I see that the documentation is in error, you should find it here:

Administrative Templates\WINDOWS COMPONENTS\Security Center



--
torgeir, Microsoft MVP Scripting and WMI, Porsgrunn Norway
Administration scripting examples and an ONLINE version of
the 1328 page Scripting Guide:
http://www.microsoft.com/technet/scriptcenter/default.mspx
 
G

Guest

Guest
Archived from groups: microsoft.public.windowsxp.security_admin,nz.comp (More info?)

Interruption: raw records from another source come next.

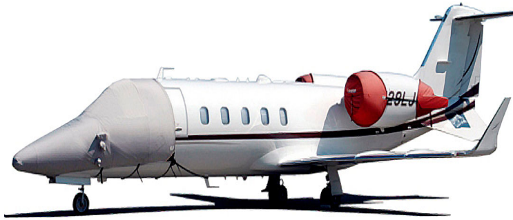
Lear 45 Windshield/Nose & Engine Cover Set

This cover type is made from Silver Acrylic Sunbrella canvas and is 100% lined with a soft and smooth microfiber. Bruce's Custom Covers developed this material combination especially for aircraft protection. The outer material is medium weight and treated for water resistance, UV resistance and anti-static buildup. The inner lining is a very soft and smooth microfiber to prevent scratching. The material is very reflective, and tests show that the cabin interior temperature can be reduced to near-ambient temperature on the hottest of days. It is water, ice and snow repellent, yet breathable to allow moisture to escape from between the cover and the aircraft surface.
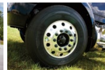
Aluminum wheels standard
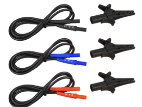
REPLACEMENT LEADS WITH CLIPS FOR MODELS 6608 & 6609
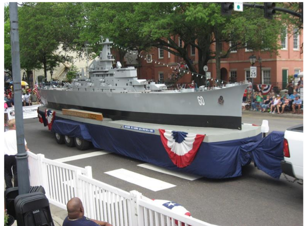
Norfolk Naval Shipyards' USS Alabama float always is a crowd pleaser at the City of Portsmouth's Memorial Day parades.

A highly detailed and attractive replica of an American battleship has been delighting spectators for many years at the City of Portsmouth's Memorial Day Parades and other community events. Built as an Apprentice
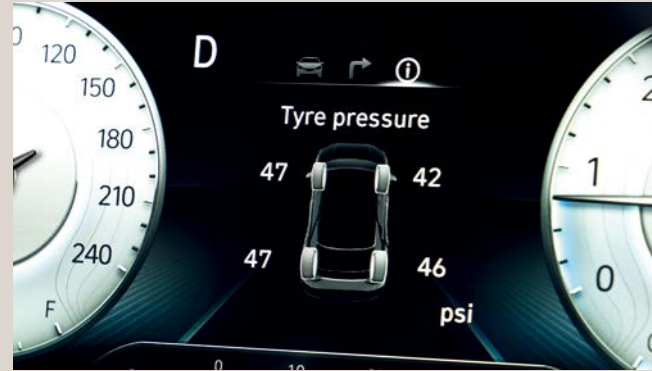
Tyre Pressure Monitor System (TPMS) TPMS helps you achieve optimal fuel economy and extends tire life by alerting you if the tires require attention.

Though the road ahead is filled with uncertainties, CRETA GRAND's advanced safety systems provide you with complete peace of mind. Special crush zones serve as your first line of defense. Made of ultra-high tensile strength steel and embedded in critical areas, these structures are designed to safely absorb impact forces and protect cabin occupants in the event of a collision. The Blind Spot View Monitor always looks over your shoulder and will alert you if you try to make an unsafe lane change.
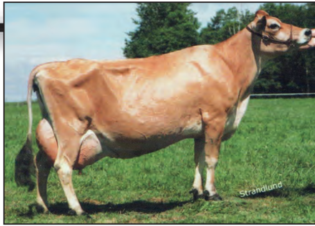
FAMILY HILL BROOK LYNNA, E-94% Fourth Dam of Lot 10
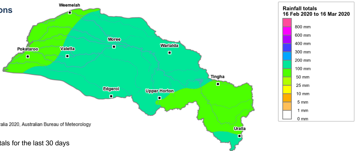
Figure 1: Rainfall totals for the last 30 days
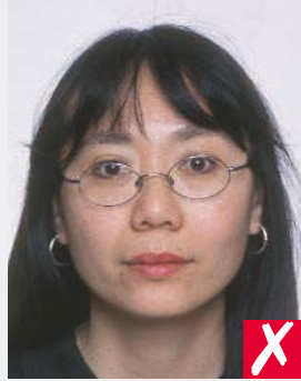
frames covering eyes
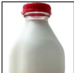
Milk 1 Gallon, Fat Free
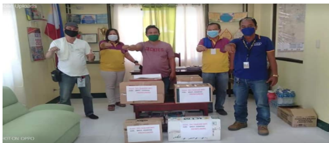
Callawan Farmers Multipurpose Cooperative (CALFAMCO)

"Callawan Farmers Multipurpose Cooperative (CALFAMCO) in Cabinuangan, New Bataan, Davao de Oro provides 3 kilos of rice to their members."
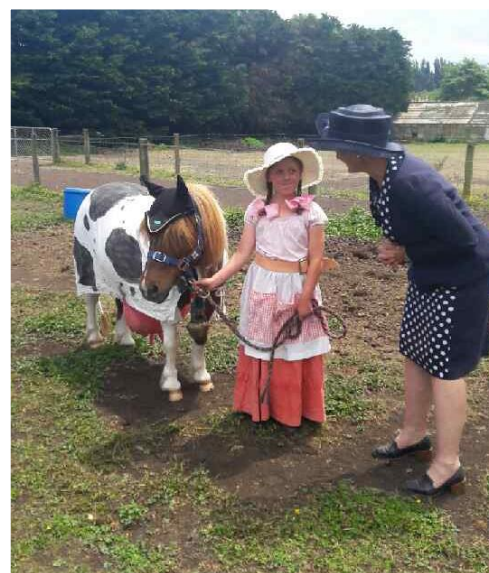
Beechgrove Basil Brush
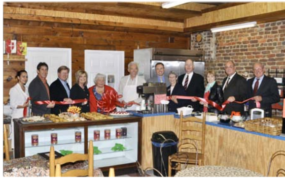
What's On The Menu 20 N. Cedar Ave, Cookeville (931)520-6368
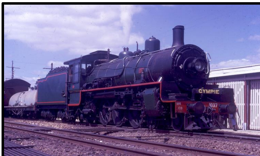
Anthony Winstone Photo

Toowoomba - DownsSteam association has announced that they are working with Mackay Heritage Railway association to transfer steam locomotives BB18 ¼ No. 1037 and No.1086 to the DownsSteam fleet. This is a significant milestone in heritage organisations working collaboratively. The initial focus will be on No. 1037, continuing the significant amount of work already completed, which will then be followed by No. 1086 as a long-term project. The Boiler of No. 1037 is already on its way to Toowoomba, with other items to follow soon. A workshop has been constructed for the purpose. ( DownsSteam Tourist Railway & Museum | Toowoomba QLD | Facebook )
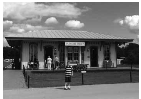
Pleasant Valley Railroad Station at the Dutchess County Fair
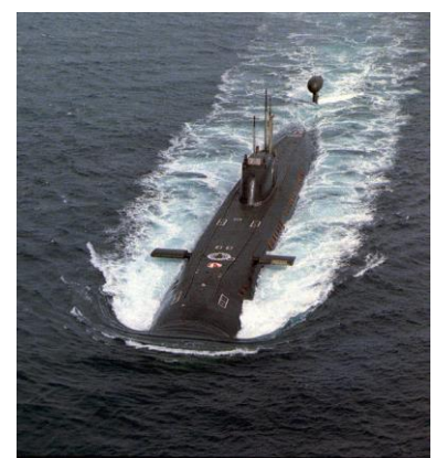
Russian Northern Fleet Victor III

SSN (nuclear powered attack subs, not nuclear armed - 13)
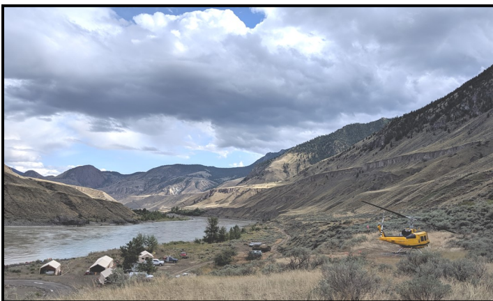
Staging area near the site of the incident.

"Torgeir Bakken (MVP)" <Torgeir.Bakken-spam@hydro.com> wrote in message
news:OvOfzmFCFHA.2380@tk2msftngp13.phx.gbl...
> Schooltech wrote:
>
> > OK I looked in gpedit.msc as this is per computer - only for a few
computers
> > not all
> >
> > Turn on Security Center (computers in Windows domain only)
> > Administrative Templates \System\ Security Center
> > N/A Not configured
> > On, Off
> >
> > The problem is that there is not a Security Center under System
> >
> > Are there new admin templates I need to install on SP2 computers to
access
> > these settings?
> Hi
>
> I see that the documentation is in error, you should find it here:
>
> Administrative Templates\WINDOWS COMPONENTS\Security Center
>

Thanks that works perfectly

My comments about support of Security Center relates to the fact that I
searched the Windows XP Knowledge Base, but was not able to find a single
article relating to the Security Center.